In approving the application, the Court first decided whether the proposed change would be considered a permissible change under section 367 of the Sustainable Planning Act 2009 by determining the following matters:

  • whether the proposed change would result in a substantially different development;
  • whether it would not likely cause a person to make a properly made submission objecting to the proposed change.
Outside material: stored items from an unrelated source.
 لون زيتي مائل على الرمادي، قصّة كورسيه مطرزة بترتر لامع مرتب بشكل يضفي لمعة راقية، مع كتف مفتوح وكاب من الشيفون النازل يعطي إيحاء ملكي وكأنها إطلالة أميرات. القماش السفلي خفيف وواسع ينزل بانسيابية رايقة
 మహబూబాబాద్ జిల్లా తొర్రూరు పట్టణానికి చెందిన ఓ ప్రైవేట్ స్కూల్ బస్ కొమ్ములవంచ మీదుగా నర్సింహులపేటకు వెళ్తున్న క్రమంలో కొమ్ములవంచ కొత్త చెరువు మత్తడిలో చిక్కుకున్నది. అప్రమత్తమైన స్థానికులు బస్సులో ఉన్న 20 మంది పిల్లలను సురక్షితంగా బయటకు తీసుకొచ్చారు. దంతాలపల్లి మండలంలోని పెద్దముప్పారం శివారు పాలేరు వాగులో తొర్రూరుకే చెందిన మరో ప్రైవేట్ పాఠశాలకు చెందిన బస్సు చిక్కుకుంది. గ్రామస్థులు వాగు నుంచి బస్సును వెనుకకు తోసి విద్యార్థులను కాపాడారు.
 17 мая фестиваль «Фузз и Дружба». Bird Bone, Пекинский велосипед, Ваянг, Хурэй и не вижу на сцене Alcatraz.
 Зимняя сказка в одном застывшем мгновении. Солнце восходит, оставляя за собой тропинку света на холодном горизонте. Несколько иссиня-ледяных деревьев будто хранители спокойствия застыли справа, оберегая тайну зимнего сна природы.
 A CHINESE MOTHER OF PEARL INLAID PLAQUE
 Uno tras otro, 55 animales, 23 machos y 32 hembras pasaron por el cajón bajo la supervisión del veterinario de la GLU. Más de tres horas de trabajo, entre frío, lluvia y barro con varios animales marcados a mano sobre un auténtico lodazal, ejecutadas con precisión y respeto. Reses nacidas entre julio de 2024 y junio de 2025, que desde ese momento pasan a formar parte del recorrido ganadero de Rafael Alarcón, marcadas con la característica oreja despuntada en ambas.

Once the Court found that the proposed change was a permissible change, it considered the following in accordance with section 374 of the Sustainable Planning Act 2009:

  • the information provided by the Applicant;
  • the matters the Court would have had regard to if the request to make a change to the development approval were a development application;
  • the submissions made about the development application the subject of the development approval and about the proposed change;
  • the notice the Council filed under section 373 of the Sustainable Planning Act 2009 objecting to the proposed change.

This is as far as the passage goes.